LAOF: Robust Latent Action Learning with Optical Flow Constraints

TL;DR

LAOF introduces a pseudo-supervised framework utilizing optical flow to learn robust latent action representations from videos, effectively handling distractors and reducing reliance on labeled data, thus enhancing downstream imitation and reinforcement learning.

Contribution

The paper presents LAOF, a novel optical flow-based pseudo-supervised method for latent action learning that is robust to distractors and effective with minimal or no action labels.

Findings

LAOF outperforms existing methods on downstream tasks.

Optical flow constraints stabilize training and improve representation quality.
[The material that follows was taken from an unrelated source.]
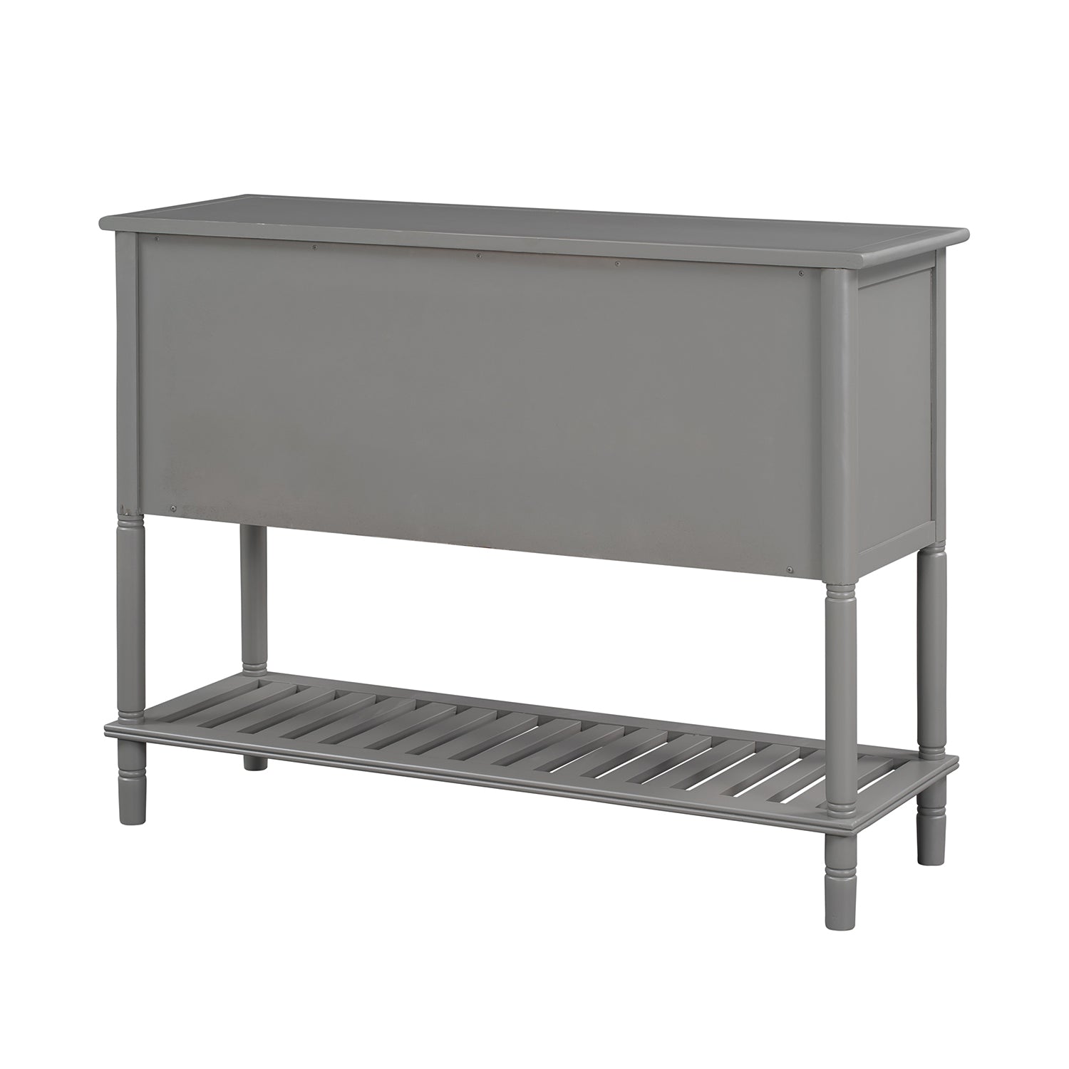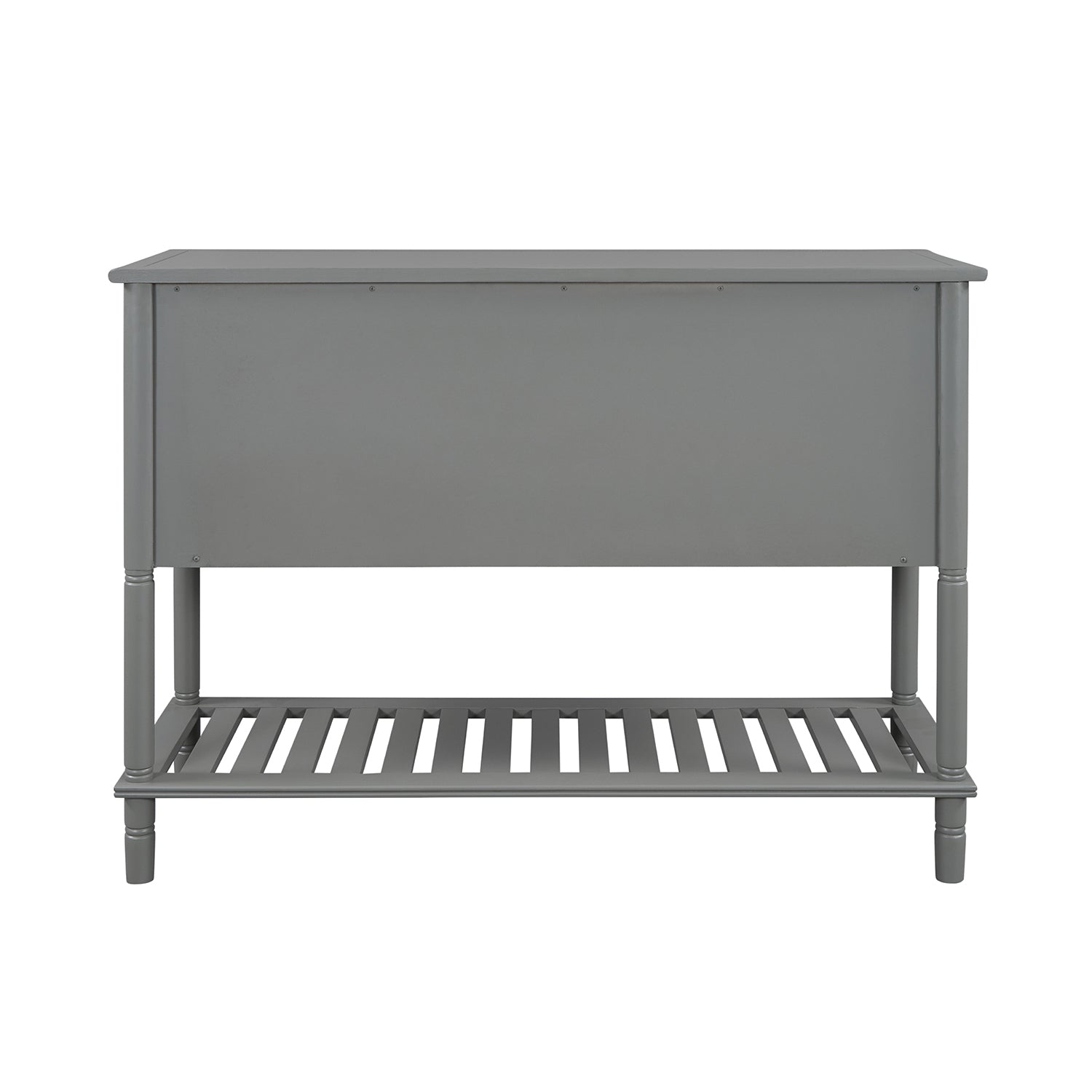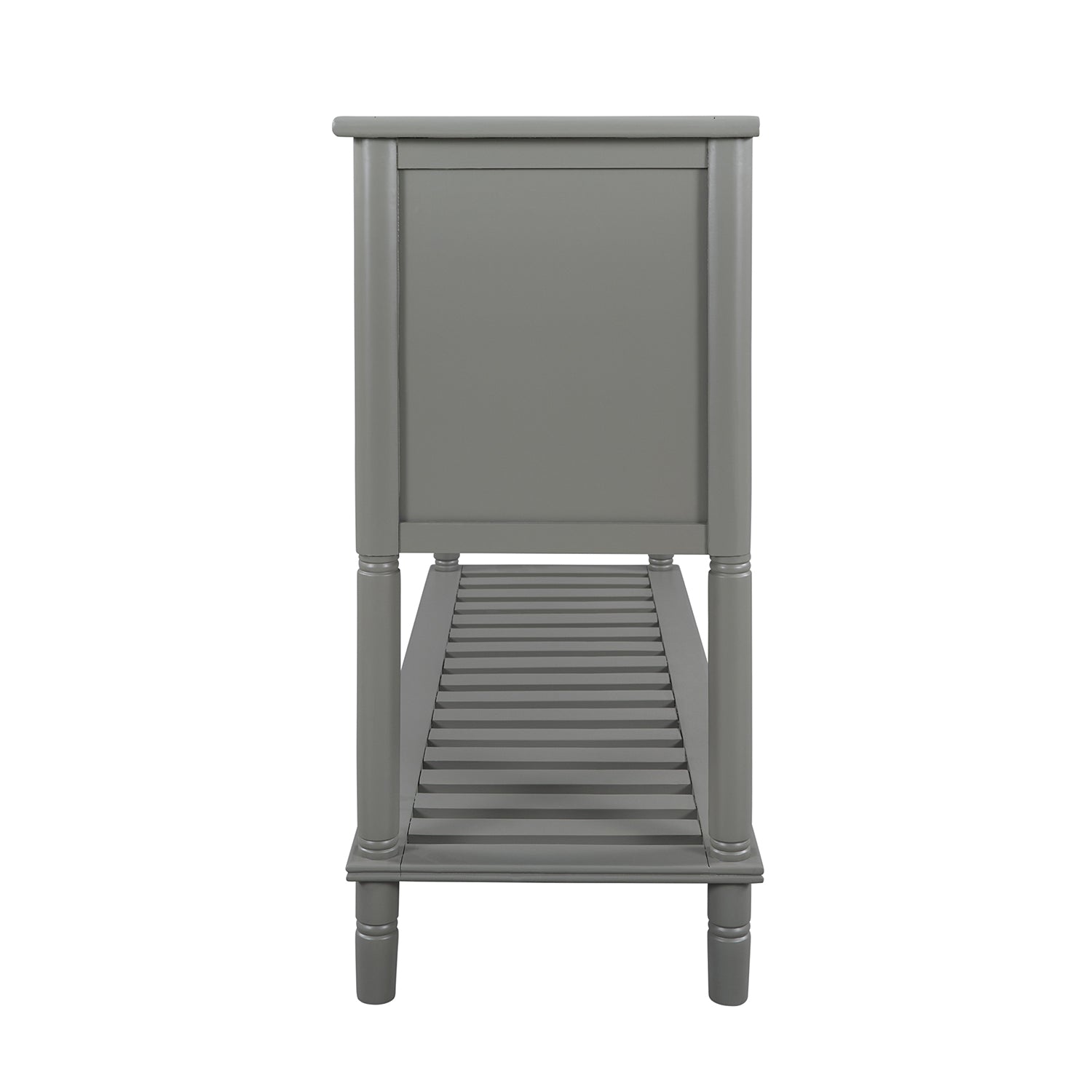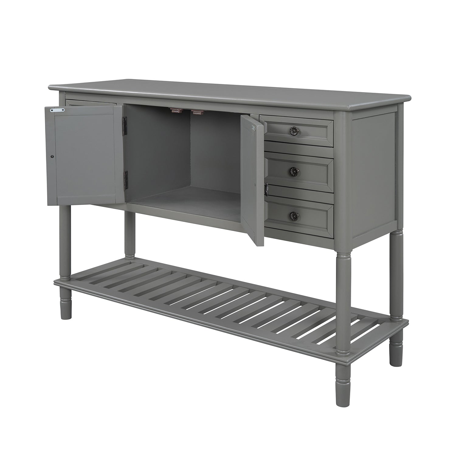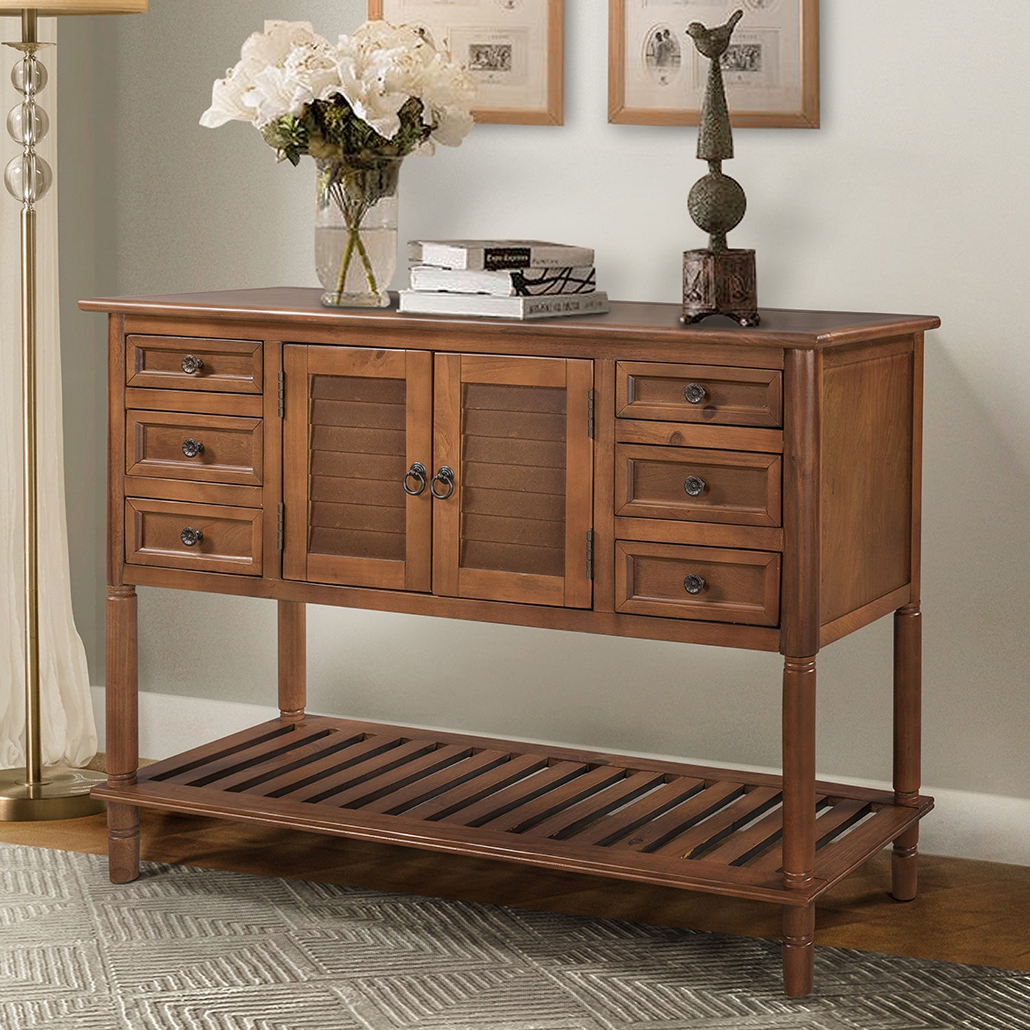 This console table is made of P2 MDF frame and pine wood legs, which is durable and stable to hold up to 220 lbs. The smooth surface is not only easy to clean, but also burr-free to protect your hands from injury. Its sturdy desktop and bottom open shelf are ideal for displaying your kitchen utensil or decorative items. Equipped with 2 cabinets and 6 drawers, the sideboard offers spacious storage space. This elegant tables can be used as a buffet table, couch table and entry table in your dining room, living room, hallway and office.

LAOF matches or surpasses fully supervised methods with only 1% action labels.

Abstract

Learning latent actions from large-scale videos is crucial for the pre-training of scalable embodied foundation models, yet existing methods often struggle with action-irrelevant distractors. Although incorporating action supervision can alleviate these distractions, its effectiveness is restricted by the scarcity of available action labels. Optical flow represents pixel-level motion between consecutive frames, naturally suppressing background elements and emphasizing moving objects. Motivated by this, we propose robust Latent Action learning with Optical Flow constraints, called LAOF, a pseudo-supervised framework that leverages the agent's optical flow as an action-driven signal to learn latent action representations robust to distractors. Experimental results show that the latent representations learned by LAOF outperform existing methods on downstream imitation learning and reinforcement learning tasks. This superior performance arises from optical flow constraints, which substantially stabilize training and improve the quality of latent representations under extremely label-scarce conditions, while remaining effective as the proportion of action labels increases to 10 percent. Importantly, even without action supervision, LAOF matches or surpasses action-supervised methods trained with 1 percent of action labels.